- _THE TASK_
The lines below starting at the line containing "১২ ডিসেম্বর, ২০২৫" and ending at the line containing "CACTUS Кабель аудио-видео" are to be repeated exactly, with both ends kept and nothing else added.

Source data:
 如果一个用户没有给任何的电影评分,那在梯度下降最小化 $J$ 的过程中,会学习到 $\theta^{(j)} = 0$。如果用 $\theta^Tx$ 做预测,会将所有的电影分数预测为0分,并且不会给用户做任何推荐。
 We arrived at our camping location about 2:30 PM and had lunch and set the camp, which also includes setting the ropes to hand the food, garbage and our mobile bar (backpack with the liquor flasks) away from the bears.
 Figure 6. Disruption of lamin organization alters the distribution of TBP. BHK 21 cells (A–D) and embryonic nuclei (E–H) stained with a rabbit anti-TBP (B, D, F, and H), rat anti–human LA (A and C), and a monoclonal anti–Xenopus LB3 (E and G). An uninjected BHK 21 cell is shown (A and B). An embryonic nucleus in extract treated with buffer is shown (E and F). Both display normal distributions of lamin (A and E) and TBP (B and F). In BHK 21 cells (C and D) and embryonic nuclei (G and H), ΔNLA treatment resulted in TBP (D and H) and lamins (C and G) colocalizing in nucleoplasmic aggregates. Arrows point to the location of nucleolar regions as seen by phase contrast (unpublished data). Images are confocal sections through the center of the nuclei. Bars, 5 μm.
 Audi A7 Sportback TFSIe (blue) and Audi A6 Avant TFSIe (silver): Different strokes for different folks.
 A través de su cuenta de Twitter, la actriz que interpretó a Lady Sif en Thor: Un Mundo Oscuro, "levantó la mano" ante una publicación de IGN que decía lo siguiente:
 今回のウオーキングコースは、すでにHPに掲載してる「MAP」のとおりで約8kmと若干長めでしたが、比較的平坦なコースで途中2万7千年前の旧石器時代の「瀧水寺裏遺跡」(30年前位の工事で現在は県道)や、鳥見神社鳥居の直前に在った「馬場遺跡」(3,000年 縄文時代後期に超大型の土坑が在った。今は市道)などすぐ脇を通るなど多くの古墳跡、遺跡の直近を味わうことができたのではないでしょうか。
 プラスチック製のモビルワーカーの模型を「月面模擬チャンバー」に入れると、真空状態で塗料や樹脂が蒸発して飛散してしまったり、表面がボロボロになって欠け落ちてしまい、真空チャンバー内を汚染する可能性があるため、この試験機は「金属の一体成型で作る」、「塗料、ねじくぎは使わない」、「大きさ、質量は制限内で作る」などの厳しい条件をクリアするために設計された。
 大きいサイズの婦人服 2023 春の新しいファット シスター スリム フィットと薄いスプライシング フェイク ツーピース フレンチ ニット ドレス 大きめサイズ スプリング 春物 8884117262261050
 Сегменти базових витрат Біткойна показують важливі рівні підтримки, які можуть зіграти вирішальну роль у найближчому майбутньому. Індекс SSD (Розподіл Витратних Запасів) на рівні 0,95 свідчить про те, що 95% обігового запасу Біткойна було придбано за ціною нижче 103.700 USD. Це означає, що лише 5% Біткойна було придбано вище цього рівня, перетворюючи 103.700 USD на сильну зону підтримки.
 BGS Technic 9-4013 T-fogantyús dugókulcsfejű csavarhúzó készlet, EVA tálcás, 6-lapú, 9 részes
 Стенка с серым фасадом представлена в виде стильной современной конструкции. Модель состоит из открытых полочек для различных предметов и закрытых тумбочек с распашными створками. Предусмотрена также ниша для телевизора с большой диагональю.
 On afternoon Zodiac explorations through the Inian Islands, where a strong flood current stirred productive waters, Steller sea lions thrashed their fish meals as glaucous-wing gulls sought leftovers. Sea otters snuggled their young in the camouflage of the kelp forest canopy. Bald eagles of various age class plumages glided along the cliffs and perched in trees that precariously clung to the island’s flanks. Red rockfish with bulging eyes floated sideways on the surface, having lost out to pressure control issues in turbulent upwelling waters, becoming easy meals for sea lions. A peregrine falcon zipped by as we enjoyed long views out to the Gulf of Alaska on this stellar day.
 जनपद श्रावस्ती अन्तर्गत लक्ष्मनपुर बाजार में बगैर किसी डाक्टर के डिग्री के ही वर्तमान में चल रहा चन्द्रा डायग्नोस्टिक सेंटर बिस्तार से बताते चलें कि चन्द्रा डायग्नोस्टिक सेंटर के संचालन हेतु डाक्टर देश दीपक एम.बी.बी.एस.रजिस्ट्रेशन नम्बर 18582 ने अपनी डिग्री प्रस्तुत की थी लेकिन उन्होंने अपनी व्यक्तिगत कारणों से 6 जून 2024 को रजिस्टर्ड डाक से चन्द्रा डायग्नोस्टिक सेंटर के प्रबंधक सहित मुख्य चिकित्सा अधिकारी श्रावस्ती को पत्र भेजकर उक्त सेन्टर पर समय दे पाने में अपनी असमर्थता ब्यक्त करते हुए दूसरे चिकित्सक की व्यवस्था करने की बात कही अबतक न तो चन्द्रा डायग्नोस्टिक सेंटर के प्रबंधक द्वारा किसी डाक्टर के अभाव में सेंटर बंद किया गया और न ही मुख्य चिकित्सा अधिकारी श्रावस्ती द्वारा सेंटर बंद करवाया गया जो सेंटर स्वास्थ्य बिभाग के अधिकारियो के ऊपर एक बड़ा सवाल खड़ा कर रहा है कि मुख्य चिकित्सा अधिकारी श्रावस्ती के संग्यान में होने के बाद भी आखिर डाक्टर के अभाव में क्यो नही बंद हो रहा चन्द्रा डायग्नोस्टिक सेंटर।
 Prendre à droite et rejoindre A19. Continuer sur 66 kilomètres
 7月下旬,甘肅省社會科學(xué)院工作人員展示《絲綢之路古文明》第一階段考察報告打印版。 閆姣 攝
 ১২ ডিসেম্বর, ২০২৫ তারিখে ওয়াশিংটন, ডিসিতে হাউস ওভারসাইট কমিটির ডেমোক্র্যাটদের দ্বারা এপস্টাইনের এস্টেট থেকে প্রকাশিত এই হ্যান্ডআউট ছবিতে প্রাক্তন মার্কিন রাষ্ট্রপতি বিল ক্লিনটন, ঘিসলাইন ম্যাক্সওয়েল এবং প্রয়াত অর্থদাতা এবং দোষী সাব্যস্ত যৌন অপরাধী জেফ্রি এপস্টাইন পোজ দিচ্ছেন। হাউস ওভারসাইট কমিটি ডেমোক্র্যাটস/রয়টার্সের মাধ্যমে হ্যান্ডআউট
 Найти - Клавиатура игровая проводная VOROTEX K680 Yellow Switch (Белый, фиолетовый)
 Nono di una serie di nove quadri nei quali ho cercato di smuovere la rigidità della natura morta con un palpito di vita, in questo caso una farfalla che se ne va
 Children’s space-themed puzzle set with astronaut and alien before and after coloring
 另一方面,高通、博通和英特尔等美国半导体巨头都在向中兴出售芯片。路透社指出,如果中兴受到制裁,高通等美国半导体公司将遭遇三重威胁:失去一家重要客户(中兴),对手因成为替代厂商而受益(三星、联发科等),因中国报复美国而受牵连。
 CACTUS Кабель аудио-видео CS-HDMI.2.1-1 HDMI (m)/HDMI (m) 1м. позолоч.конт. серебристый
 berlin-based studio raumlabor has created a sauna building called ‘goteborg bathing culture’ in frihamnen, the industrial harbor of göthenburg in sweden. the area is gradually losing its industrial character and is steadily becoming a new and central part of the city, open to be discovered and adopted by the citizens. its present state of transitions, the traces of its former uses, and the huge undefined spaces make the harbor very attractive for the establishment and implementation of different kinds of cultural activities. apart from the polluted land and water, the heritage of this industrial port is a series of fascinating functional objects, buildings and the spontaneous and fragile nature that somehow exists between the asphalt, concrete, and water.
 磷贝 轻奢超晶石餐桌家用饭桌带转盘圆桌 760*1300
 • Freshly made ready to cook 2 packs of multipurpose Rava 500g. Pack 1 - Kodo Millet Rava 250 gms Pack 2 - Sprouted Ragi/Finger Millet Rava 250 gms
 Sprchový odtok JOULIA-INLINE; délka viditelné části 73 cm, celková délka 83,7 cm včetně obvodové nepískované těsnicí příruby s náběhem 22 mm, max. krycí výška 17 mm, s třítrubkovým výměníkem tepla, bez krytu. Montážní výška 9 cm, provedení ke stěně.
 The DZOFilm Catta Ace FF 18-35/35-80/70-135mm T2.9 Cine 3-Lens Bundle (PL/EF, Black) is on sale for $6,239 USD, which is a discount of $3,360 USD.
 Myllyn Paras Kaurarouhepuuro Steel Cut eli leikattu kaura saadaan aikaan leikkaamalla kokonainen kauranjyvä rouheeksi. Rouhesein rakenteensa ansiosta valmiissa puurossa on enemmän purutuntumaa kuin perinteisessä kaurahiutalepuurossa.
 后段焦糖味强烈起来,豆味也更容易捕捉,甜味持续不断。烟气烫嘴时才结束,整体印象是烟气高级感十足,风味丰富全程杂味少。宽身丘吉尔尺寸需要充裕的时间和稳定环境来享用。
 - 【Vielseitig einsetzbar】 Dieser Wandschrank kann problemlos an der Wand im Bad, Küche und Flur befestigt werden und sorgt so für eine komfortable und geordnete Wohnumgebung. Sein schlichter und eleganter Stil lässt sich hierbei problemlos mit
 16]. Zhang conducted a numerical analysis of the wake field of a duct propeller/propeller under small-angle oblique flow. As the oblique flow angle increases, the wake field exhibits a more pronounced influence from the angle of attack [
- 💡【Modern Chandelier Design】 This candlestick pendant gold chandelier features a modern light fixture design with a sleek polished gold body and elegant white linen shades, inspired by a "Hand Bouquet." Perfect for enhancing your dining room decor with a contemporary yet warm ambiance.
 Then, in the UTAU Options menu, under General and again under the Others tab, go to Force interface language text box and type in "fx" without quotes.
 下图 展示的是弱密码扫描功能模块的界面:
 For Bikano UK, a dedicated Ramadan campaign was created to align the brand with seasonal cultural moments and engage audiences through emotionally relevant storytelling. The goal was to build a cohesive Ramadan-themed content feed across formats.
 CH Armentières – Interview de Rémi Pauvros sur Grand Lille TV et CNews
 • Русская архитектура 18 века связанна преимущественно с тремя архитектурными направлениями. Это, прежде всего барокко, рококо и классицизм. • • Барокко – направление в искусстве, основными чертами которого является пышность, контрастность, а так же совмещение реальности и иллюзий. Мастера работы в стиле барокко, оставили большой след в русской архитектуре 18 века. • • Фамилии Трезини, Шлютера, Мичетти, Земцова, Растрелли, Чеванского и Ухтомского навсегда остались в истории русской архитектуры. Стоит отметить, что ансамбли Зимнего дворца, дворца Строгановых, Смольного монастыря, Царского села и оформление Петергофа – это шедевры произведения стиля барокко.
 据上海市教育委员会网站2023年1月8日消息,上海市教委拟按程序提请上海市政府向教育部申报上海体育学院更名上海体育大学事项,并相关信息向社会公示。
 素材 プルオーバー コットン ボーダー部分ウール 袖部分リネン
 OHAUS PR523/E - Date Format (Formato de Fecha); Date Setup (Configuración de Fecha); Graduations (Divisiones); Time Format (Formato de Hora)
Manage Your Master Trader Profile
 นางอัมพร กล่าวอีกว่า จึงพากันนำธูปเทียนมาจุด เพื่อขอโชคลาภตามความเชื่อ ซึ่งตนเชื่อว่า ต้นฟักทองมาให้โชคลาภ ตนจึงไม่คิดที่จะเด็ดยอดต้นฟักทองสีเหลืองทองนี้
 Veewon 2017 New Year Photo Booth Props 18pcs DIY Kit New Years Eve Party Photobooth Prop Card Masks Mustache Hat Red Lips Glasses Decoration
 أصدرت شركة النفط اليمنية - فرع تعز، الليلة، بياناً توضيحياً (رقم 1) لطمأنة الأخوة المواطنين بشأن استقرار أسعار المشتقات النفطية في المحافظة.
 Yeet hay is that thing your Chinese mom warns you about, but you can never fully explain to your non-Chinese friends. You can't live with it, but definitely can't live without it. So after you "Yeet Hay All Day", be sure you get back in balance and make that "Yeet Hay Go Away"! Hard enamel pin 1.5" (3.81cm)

- _ANSWER FOR THIS EXERCISE_
 ১২ ডিসেম্বর, ২০২৫ তারিখে ওয়াশিংটন, ডিসিতে হাউস ওভারসাইট কমিটির ডেমোক্র্যাটদের দ্বারা এপস্টাইনের এস্টেট থেকে প্রকাশিত এই হ্যান্ডআউট ছবিতে প্রাক্তন মার্কিন রাষ্ট্রপতি বিল ক্লিনটন, ঘিসলাইন ম্যাক্সওয়েল এবং প্রয়াত অর্থদাতা এবং দোষী সাব্যস্ত যৌন অপরাধী জেফ্রি এপস্টাইন পোজ দিচ্ছেন। হাউস ওভারসাইট কমিটি ডেমোক্র্যাটস/রয়টার্সের মাধ্যমে হ্যান্ডআউট
 Найти - Клавиатура игровая проводная VOROTEX K680 Yellow Switch (Белый, фиолетовый)
 Nono di una serie di nove quadri nei quali ho cercato di smuovere la rigidità della natura morta con un palpito di vita, in questo caso una farfalla che se ne va
 Children’s space-themed puzzle set with astronaut and alien before and after coloring
 另一方面,高通、博通和英特尔等美国半导体巨头都在向中兴出售芯片。路透社指出,如果中兴受到制裁,高通等美国半导体公司将遭遇三重威胁:失去一家重要客户(中兴),对手因成为替代厂商而受益(三星、联发科等),因中国报复美国而受牵连。
 CACTUS Кабель аудио-видео CS-HDMI.2.1-1 HDMI (m)/HDMI (m) 1м. позолоч.конт. серебристый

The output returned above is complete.